Unless we learn from the model of humility of the leadership left to us by Mandela, the world will remain a jungle where the strong feed on the weak and the powerful run over the powerless. Even at this late hour at the departure of Madiba, the world is still driven by a system of greed and leadership that is money-hungry, intolerant and selfish to its own people. Most of these leaders have immortalized themselves through monuments and are ready to do anything just to attain their egotistical goals. Some leaders would drive their own people to ethnic animosity in order to stay in power.  The idea of freedom from colonialism was not to have a fox roaming freely in a chicken-stall. No, the fox must be tamed. With the departure of Mandela most of the foxes in the continent have been tamed and a new era of third liberation has dawned upon Africa and Mandela remains the model and the epitome of this third liberation.

Nelson Mandela gave a moving account of the contribution of the ecumenical movement to the struggle for freedom in southern Africa during the 50th anniversary of the WCC.  He was described by our own Archbishop Desmond Tutu during the assembly as a man   “who emerged from prison not spewing words of hatred and revenge. He amazed us all by his heroic embodiment of reconciliation and forgiveness. No one could have accused him of speaking glibly and facilely about forgiveness and reconciliation. He had been harassed for a long time before his arrest, making impossible a normal family life.  No one could say that he knew nothing about suffering. A famous picture shows Nelson Mandela  on Robben Island with Walter Sisulu in the  court yard of the jail where they and others – who can be seen behind them in the photograph sitting and  breaking rocks into small pieces.”

And then came the innovative idea of the Truth and Reconciliation Commission. TRC in South Africa was both a painful but also a healing process which brought the whole nation to face its wounded past and realize that there would be “future with forgiveness”. The TRC report was submitted in December 1998 and is an embodiment of the ecumenical contribution of the Churches together, for without spirituality it is impossible to be reconciled with a history of over 300 years and a heavy burden of brutal crimes and violence against humanity.  Mandela relinquished power voluntarily after his first term and this has remained an incredible example of contentment.

As our own Mercy Oduyoye once said “Beloved ancestors, you gave up your people for labor, then you gave up the land to be colonized.’’ We can and must think and work for change.

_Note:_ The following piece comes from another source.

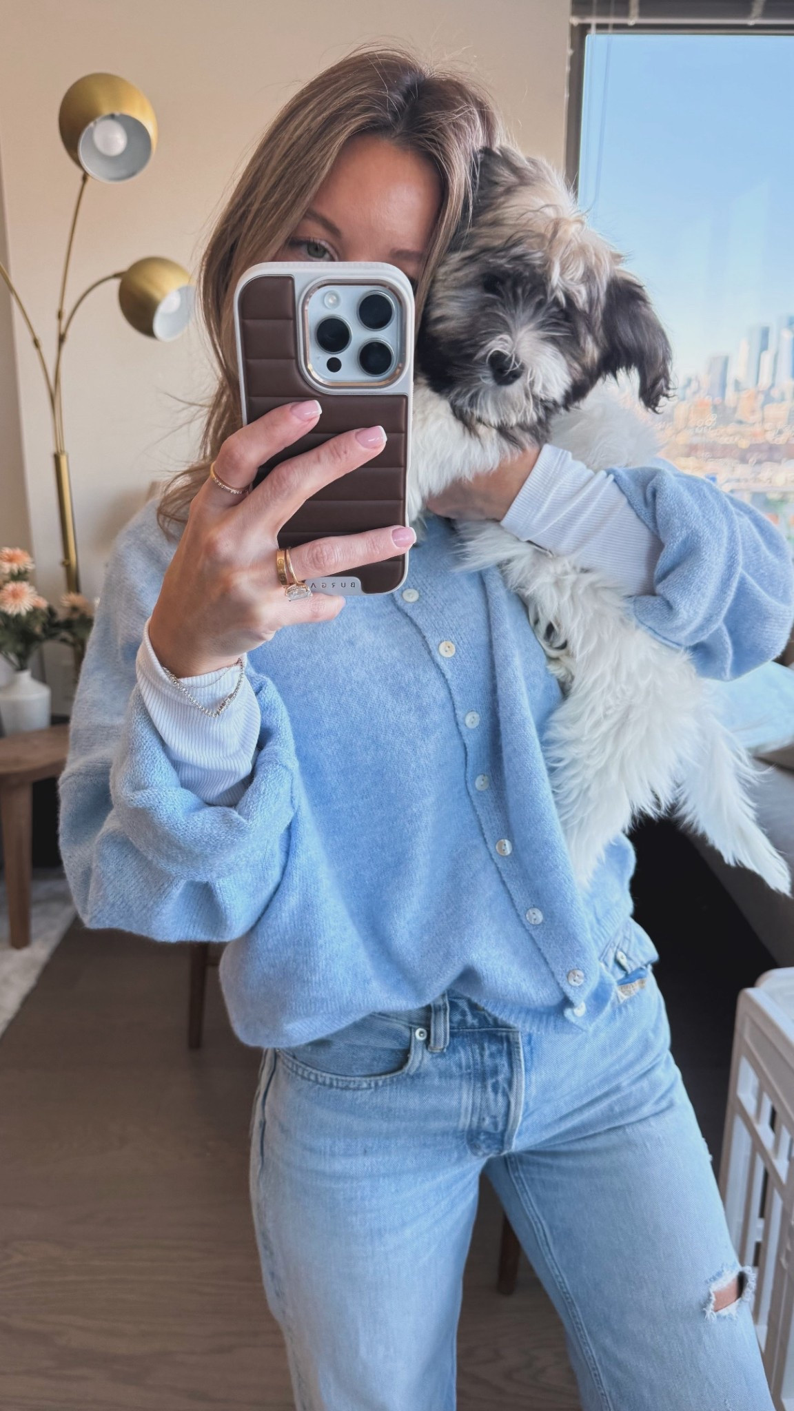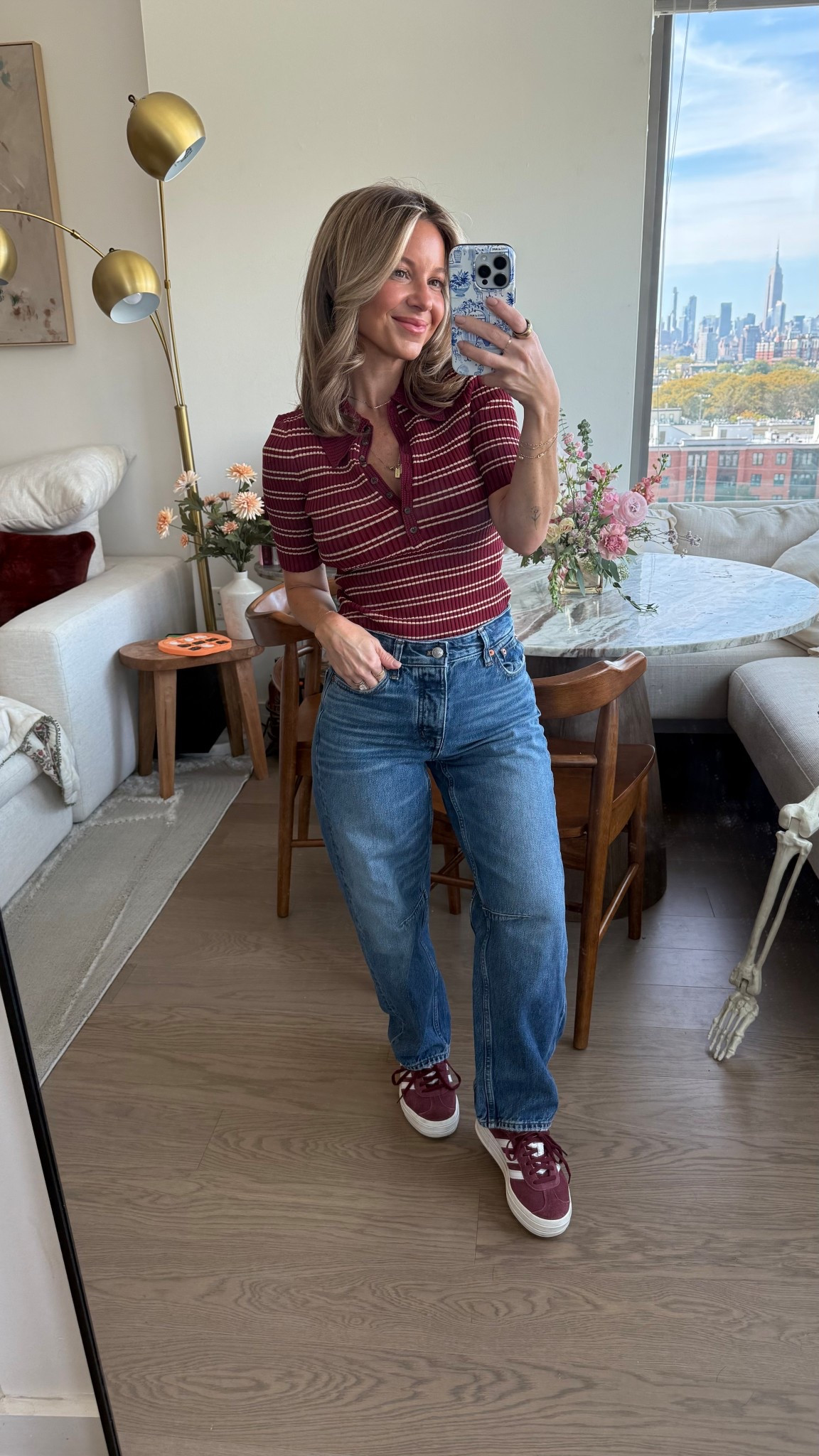 Wearing 00 blazer and 23 in jeans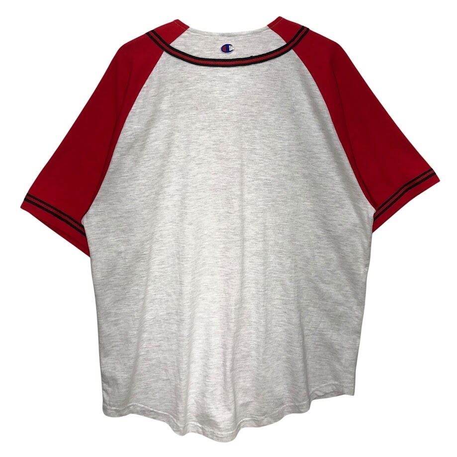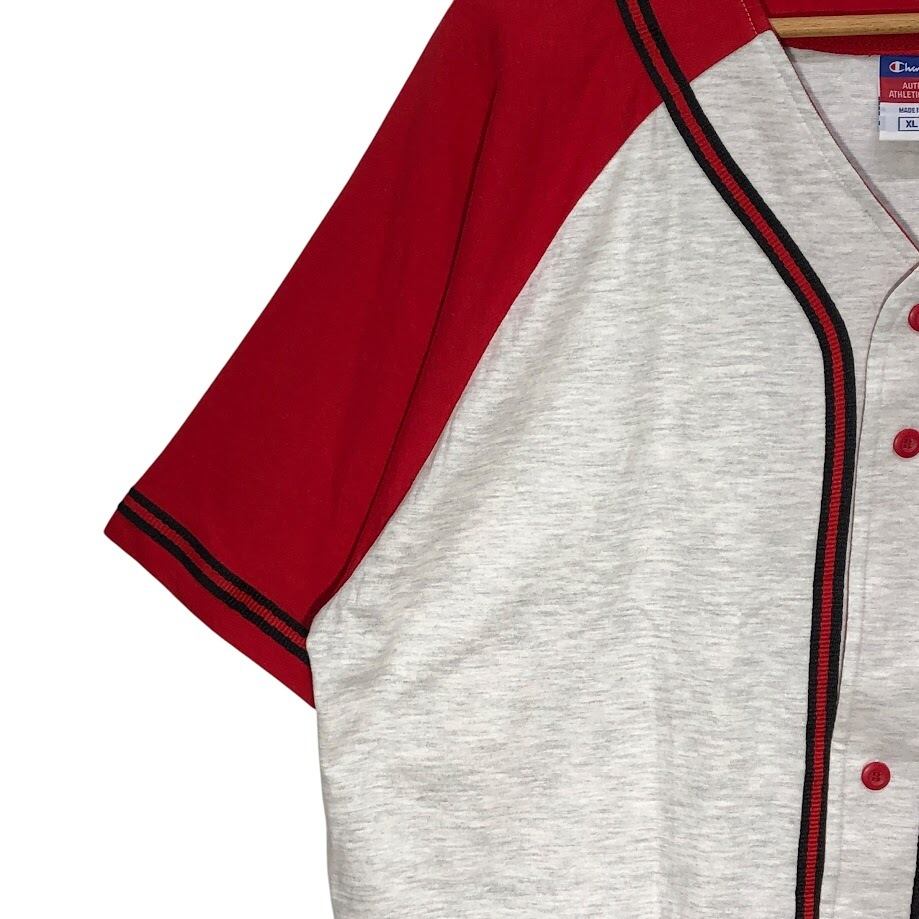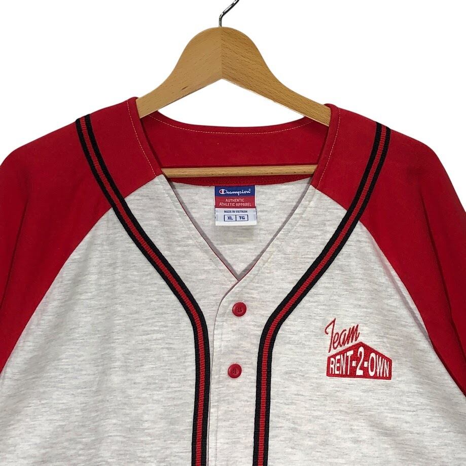 Champion チャンピオン Team RENT 2-OWN 野球 ベースボールシャツ ゲームシャツ 半袖シャツ バック刺繡 ワンポイント刺繡 オーバーサイズ ビッグシルエット Vietnam製 XLサイズ レッド ライトグレー

We’ve done it in South Africa where we rescued our humanness from the jaws of racism. How will South Africa use this newborn dignity in Africa and globally? But may I add “Beloved ancestors, we thank you for Mandela, the land has been restored back to your people and now there are no whites or black no go zones, and now that Mandela is gone please let new Mandela's be re-born in the continent for the sake of the third liberation’’. Mandela believed that people are people through other people hence in his one term presidency he governed by consensus for the sake of “peace, democracy and justice for all”.

Let us not forget that Mandela was a gift from Africa to the whole world. How wonderful it was to see more than half of the leadership of the globe being brought together by the calling of this Man; indeed with the presence of God he has become the moral embodiment and rebirth of a new global consciousness for unity of humankind. We thank God for giving Mandela to us the time He did and may his values continue to inspire our vision and fellowship.